Une scène des 400 coups de Truffaut marque un moment de rupture dans l’ambiance du film. Jean-Pierre Léaud, insouciant et buissonnier d’abord, s’engage à partir de cet instant dans une fuite en avant qui se termine sur une plage, y laissant la fragile trace de ses pas que la mer recouvre déjà. Avant la plage, une rencontre a pourtant lieu : avec une rotative dans une imprimerie abandonnée. Une écriture est par conséquent possible ; et donc une réécriture également. La scène, point tournant du film, est la suivante : J.-P. Léaud, prenant son temps pour se rendre à l’école, voit soudain sa mère embrasser un homme inconnu de lui. Il s’enfuit en courant et, arrivé en retard, se retrouve pincé à l’oreille par le surveillant qui lui demande, harcelant, les raisons de cette arrivée tardive. La réponse se fait attendre, mais pris dans les rets du maître, J.-P. Léaud finit pas lâcher : « Ma mère est morte ! » C’est alors que le film devient, très justement, plus sombre, mais qu’en même temps une existence commence, ou plutôt deux : celle de Truffaut, à travers celle de J.-P. Léaud.


L’année de mes quarante ans, un curieux phénomène surgit. À qui me branchait sur cet anniversaire à venir, je répondais, en fanfaronnant : « Non, je ne vais pas avoir 40 ans, mais 37 ans. » Je le répétais à l’envi. La chose aurait été oubliée si un événement n’était pas venu, dans l’après-coup, lui donner une valeur de surprise et de nouveauté. C’est au moment du repas familial dudit anniversaire qu’une femme qui m’est proche prit la parole pour interroger ma mère. Elle communiqua à cette dernière la difficulté qu’elle avait à concilier ma date de naissance avec l’âge auquel ma mère prétendait m’avoir eu : 42 ans. J’étais en effet un petit dernier, né en 19… et ma mère m’avait eu à 42 ans : tout cela se répétait familièrement, sous cette forme. Seulement voilà, les affins sont ainsi : hétérogènes à leur famille, ils peuvent lire plus aisément ce qui est déjà écrit familialement. Cette personne qui m’est proche introduisit donc simplement et délicatement l’âge de naissance de ma mère aux données premières. Il se découvrit alors que ma mère ne m’avait pas eu à 42 ans, comme elle le prétendait, mais à 45 ans – moins 3 donc ! J’étais soufflé par la preuve de l’inconscient, par la surprise de la révélation, mais surtout par le style de Witz que sut donner ma mère à sa réponse. Ne se démontant pas, elle maintint mordicus ses 42 ans à elle, superbe de coquetterie, et ne vit dans les nombres avancés rien qui y objecte, les laissant au reste de la tablée. J’éclatai de rire.

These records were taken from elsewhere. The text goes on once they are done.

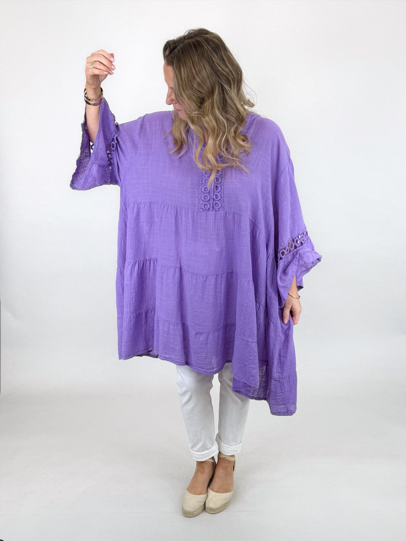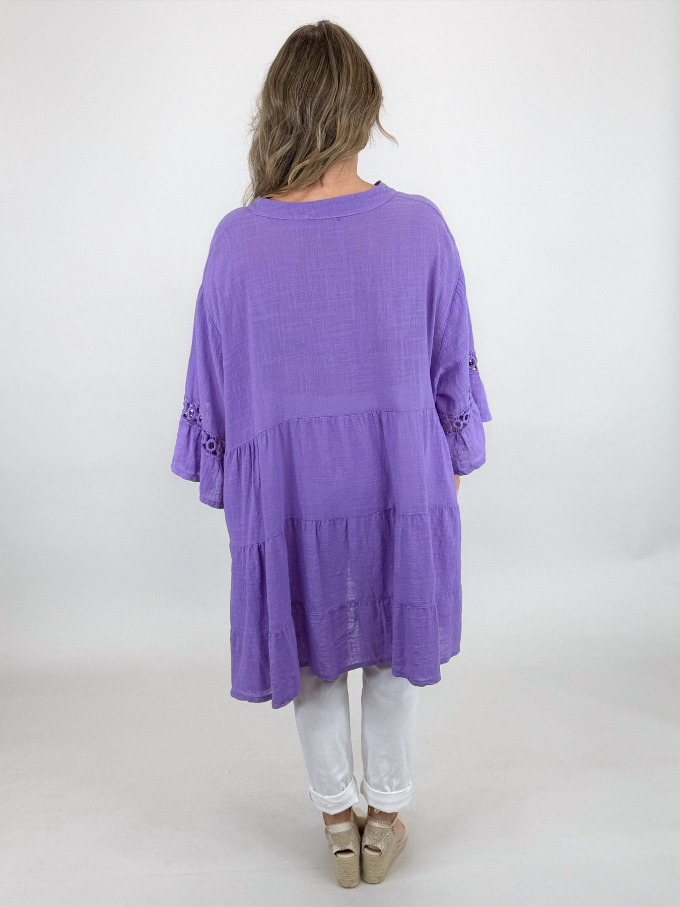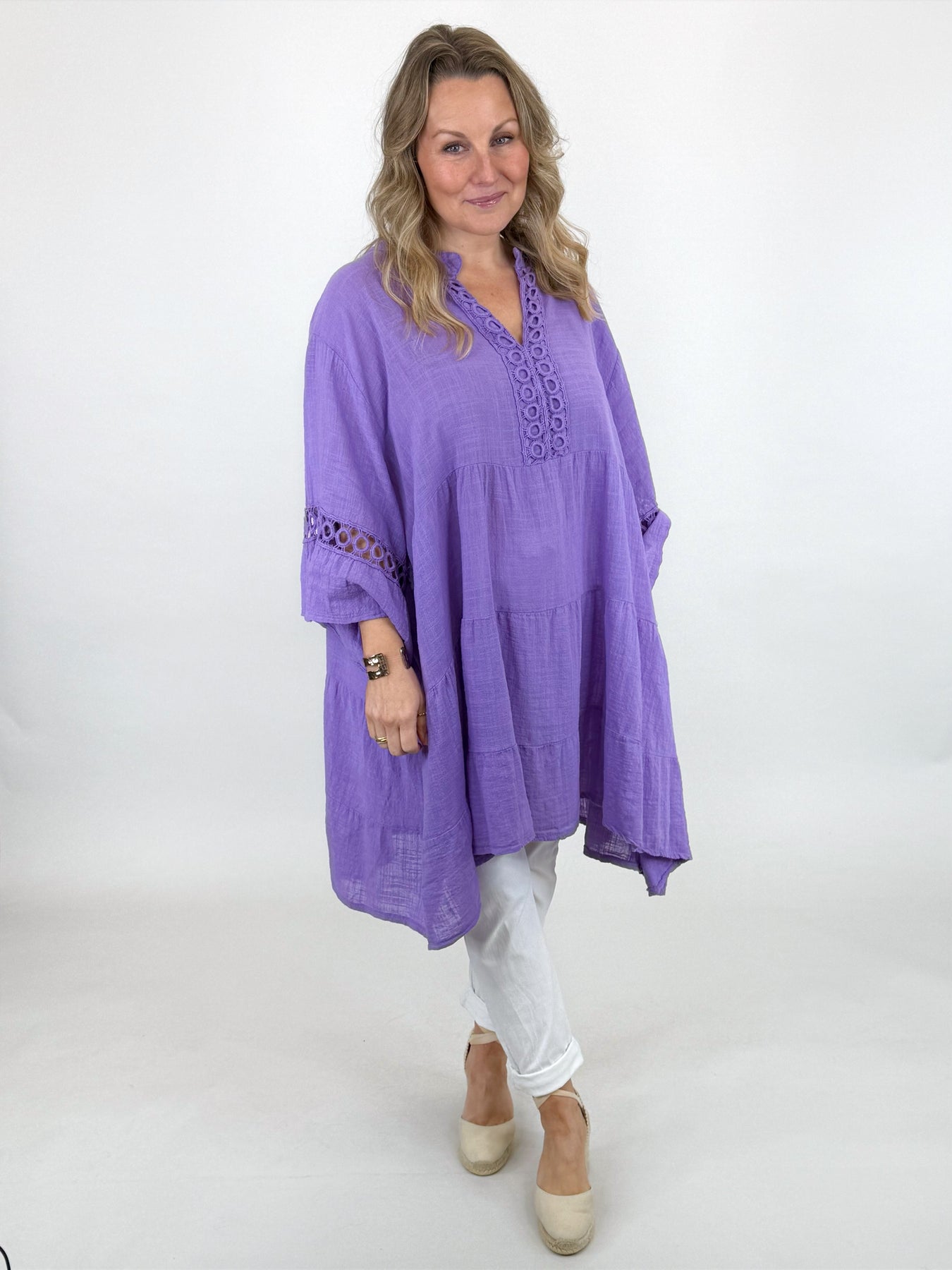 Our beautiful Lagenlook Yasmin Top is a must have easy go to for the warm months ahead. A soft and breathable cotton linen blend top with delicate detailing and an easy, relaxed fit. Light, flattering and perfect for layering. A lovely everyday piece with a feminine touch.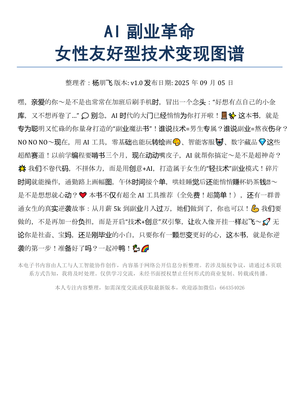 《AI副业革命:女性友好型技术变现图谱》AI智慧电子书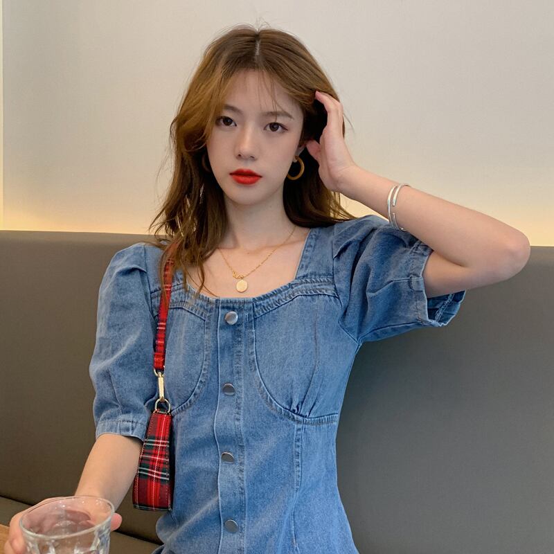 2020年夏のフランスのスクエアネックパフスリーブドレスの新しいバージョンの女性のカウボーイスカートは薄い気質のAラインスカートです タオタオイ32626999003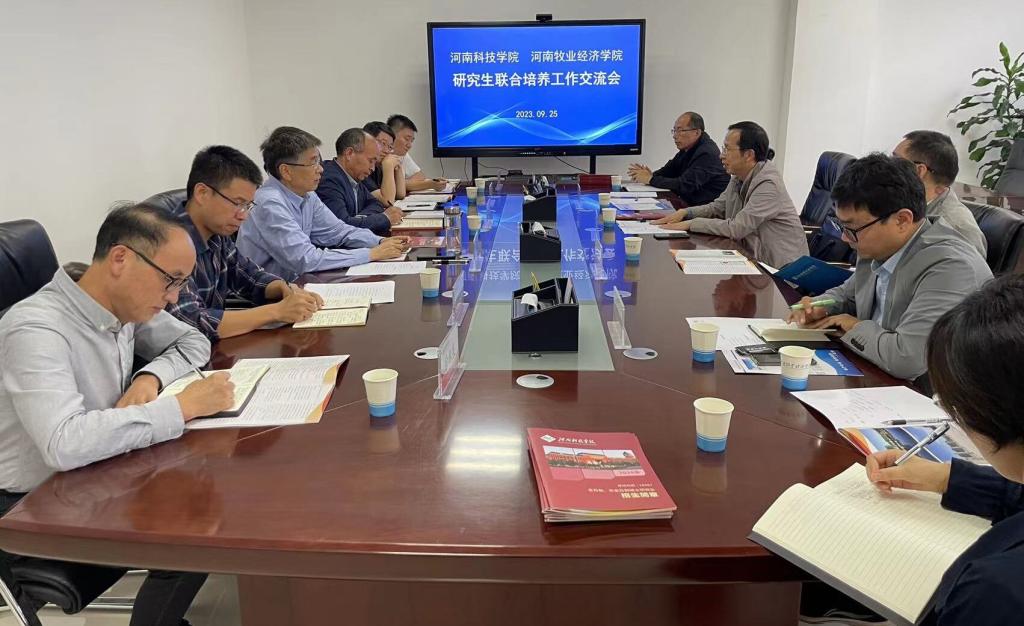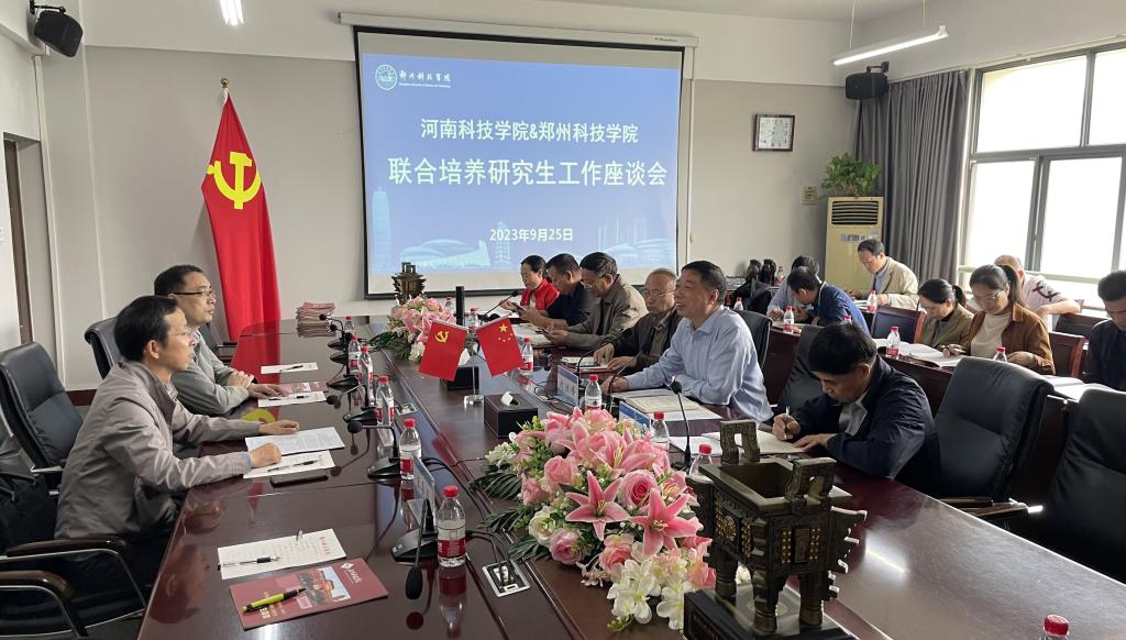 9月25日,李波一行与郑州科技学院副校长刘洲峰、科研处处长杨绪华、科研处副处长兼学科办主任栗全庆和相关学院负责人进行了座谈交流。李波对2024年我校硕士研究生招生专业目录和相关政策进行了解读,回答了与会人员提出的相关问题,并鼓励相关二级学院相关负责人和我校兼职导师积极组织学生报考河南科技学院,并开展联合培养工作。
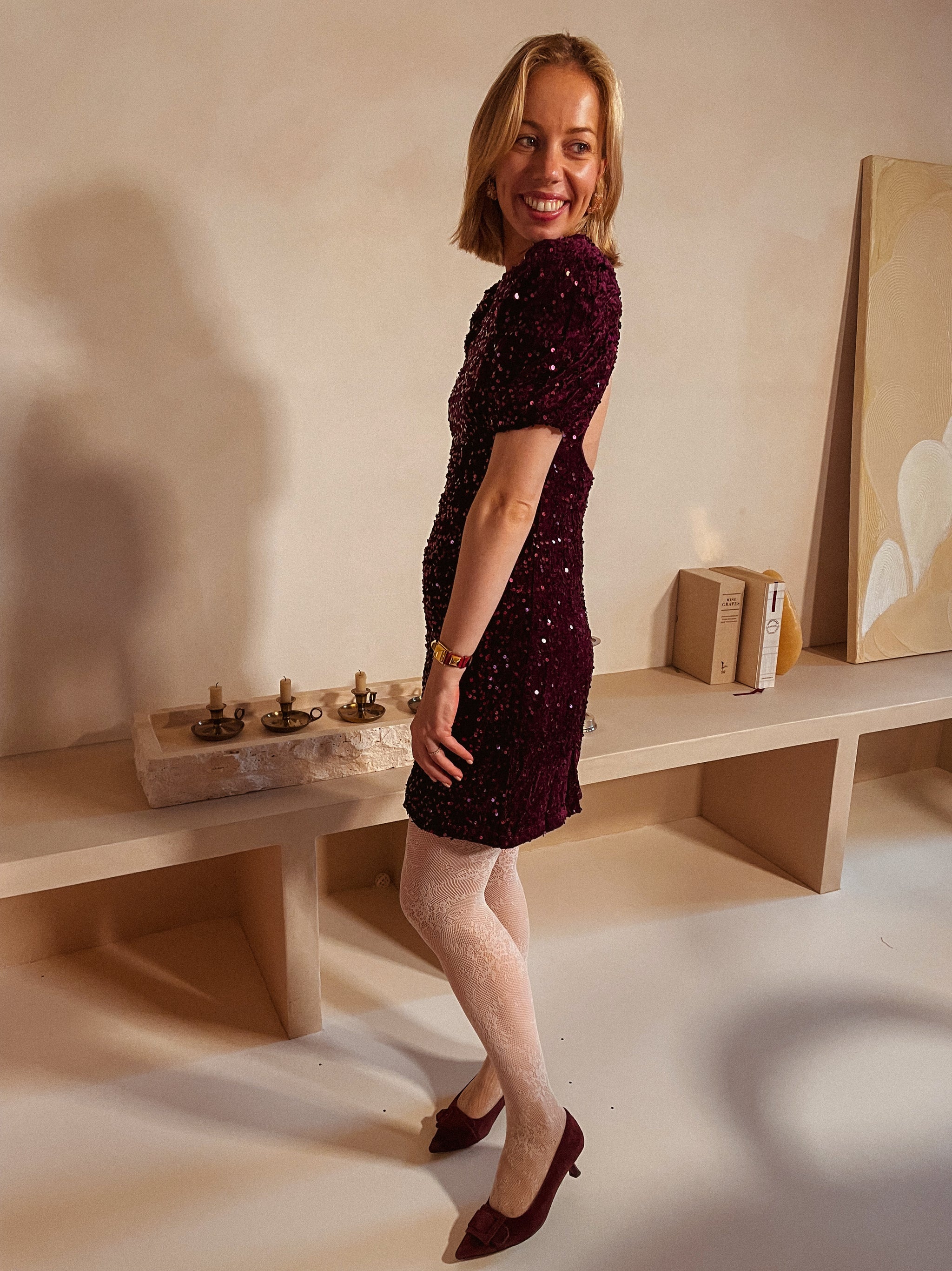 Steal the spotlight in deze korte paarse jurk met glinsterende pailletten. De korte mouwen zorgen voor een elegante touch, terwijl de open rug een sexy en gedurfde twist geeft. Perfect voor feestjes, gala’s of een sprankelende avond uit, deze jurk laat je stralen bij elke beweging.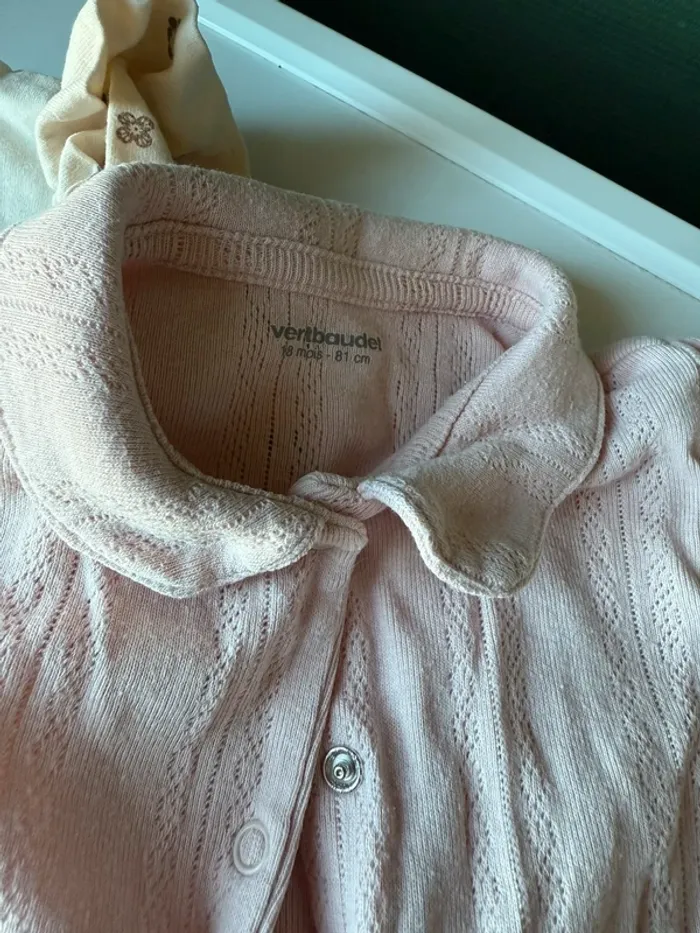 18 mois Quasiement pas porté car pas la bonne saison Un rose pale et un beige à fleurs noires et marron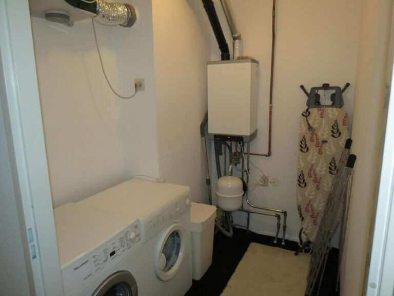 Berging. Entree, lange gang met toegang tot de meterkast, toilet met fonteintje, slaapkamer aan de voorzijde, tweede berging, washok voorzien van C.V.-ketel, wasmachine en droger, badkamer voorzien van bad, douche en wastafel, master bedroom aan de achterzijde met toegang tot de achtertuin en de woonkamer met openslaande deuren naar de tuin. De open keuken is voorzien van een 5-pits gaskookplaat, afzuigkap, koel/vriescombinatie, vaatwasser en combimagnetron.

Ce fut une coupure importante, analyse aidant, dans les relations difficiles que je menais avec ma mère jusque-là. À partir de ce jour, ce qu’elle était comme femme put apparaître : sa passion pour son homme et son peu d’intérêt pour les enfants qu’elle avait eus pourtant en nombre ; sa conversation que les voisines de pallier quêtaient, une fois les maris partis au travail et les enfants à l’école ; l’extrême liberté qu’elle prenait avec les mots qui constituaient sa langue à côté de celle de l’Autre, indiquant ainsi en creux son insatisfaction et sa révolte contre les maîtres de tout poil, et en plein, sa malice à faire rire ses interlocuteurs. Je m’aperçus alors que quelque chose était passé d’elle à moi. Cela ne venait pas de ma mère – elle n’a pas été un modèle du genre, précise le reste de ma fratrie –, mais d’une femme, de ce qu’elle ne pouvait dire et qui l’animait constamment. Elle fut pour moi un désir : absolument impur, où agalma et palea ont toujours trouvé à se mêler.